但它已经无法在这段时间内完成任务。我的未来计划是在5分钟内读取 100百万行。我不知道我可以增加或做得更好,以实现这个结果,以及实现我的未来目标。这是可能的,还是更好地使用spark的实时分析和使用例如hadoop更长的尾部数据(更老,然后1天或几个小时)?
非常感谢!
这是我的Spark应用程序代码:

  import sys 
import json
from pyspark import SparkConf
从pyspark.streaming导入StreamingContext
从pyspark.sql导入SQLContext,行
从pyspark.streaming.kafka import KafkaUtils
从datetime导入datetime,timedelta
from dateutil.parser import parse
从cassandra.cluster导入集群
import pytz
从dateutil.tz导入tzutc
tz = pytz.timezone('')
appname = str(sys.argv [1])$ ​​b $ b source = str(sys.argv [2])
cluster = Cluster(['localhost']);
session_statis = cluster.connect('keyspace')
def read_json(x):
try:
y = json.loads(x)
except:
y = 0
return y
def TransformInData(x):
try:
body = json.loads(x ['body'])
return 'articles'])
except:
return 0
def axesTransformData(x):
try:
body = json.loads(x ['body'])
return(body)
except:
return 0
def storeDataToCassandra(rdd):
rdd_cassandra = rdd.map(lambda x:(x [0], x [0],x [1] ['thumbnail'],x [1] ['title'],x [1] ['url'],datetime.strptime(parse(x [1] ['created_at'] ),源[x],源[x],源自x,y, ['category'] if x [1] ['category'] else'',x [1] ['channel'],x [1] ['genre']))\
.subtract article)
rdd_article = rdd_cassandra.map(lambda x:Row(id = x [1] [0],source = x [1] [5],thumbnail = x [1] [1],title = x [1] [2],url = x [1] [3],created_at = x [1] [4],category = x [1] [1] [8]))
rdd_schedule = rdd_cassandra.map(lambda x:Row(source = x [1] [5],type ='article',scheduled_for = x [1] [4] + timedelta (分钟= 5),id = x [1] [0]))
rdd_article_by_created_at = rdd_cassandra.map(lambda x:Row(source = x [1] [5],created_at = x [1] ],article = x [1] [0]))
rdd_article_by_url = rdd_cassandra.map(lambda x:Row(url = x [1] [3],article = x [1] b $ b if rdd_article.count()> 0:
result_rdd_article = sqlContext.createDataFrame(rdd_article)
result_rdd_article.write.format(org.apache.spark.sql.cassandra)。options如果rdd_schedule.count()> 0:
result_rdd_schedule = sqlContext.createDataFrame(rdd_schedule)

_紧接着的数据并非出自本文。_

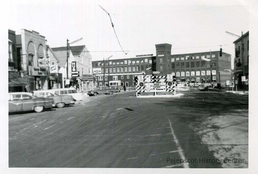 B/W photo of blockaded Maine Street and the closed signs during the construction of the Route 1 bypass.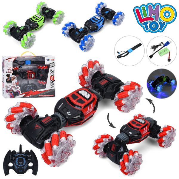 Машина 28см, р/у, 2.4G, аккум, USB зар, управление жестами, изменяющая форму, резинка колеса, свет, 3 цвета, в кор. 27*15*12,5см (8шт)

b result_rdd_schedule.write.format(org.apache.spark.sql.cassandra)。options(table =tablename,keyspace =keyspace)save(mode =append)
如果rdd_article_by_created_at。 count()> 0:
result_rdd_article_by_created_at = sqlContext.createDataFrame(rdd_article_by_created_at)
result_rdd_article_by_created_at.write.format(org.apache.spark.sql.cassandra)。options(table =tablename,如果rdd_article_by_url.count()> 0:
result_rdd_article_by_url = sqlContext.createDataFrame(rdd_article_by_url)
result_rdd_article_by_url.write.format(keyspace =keyspace (org.apache.spark.sql.cassandra)。options(table =tablename,keyspace =keyspace)save(mode =append)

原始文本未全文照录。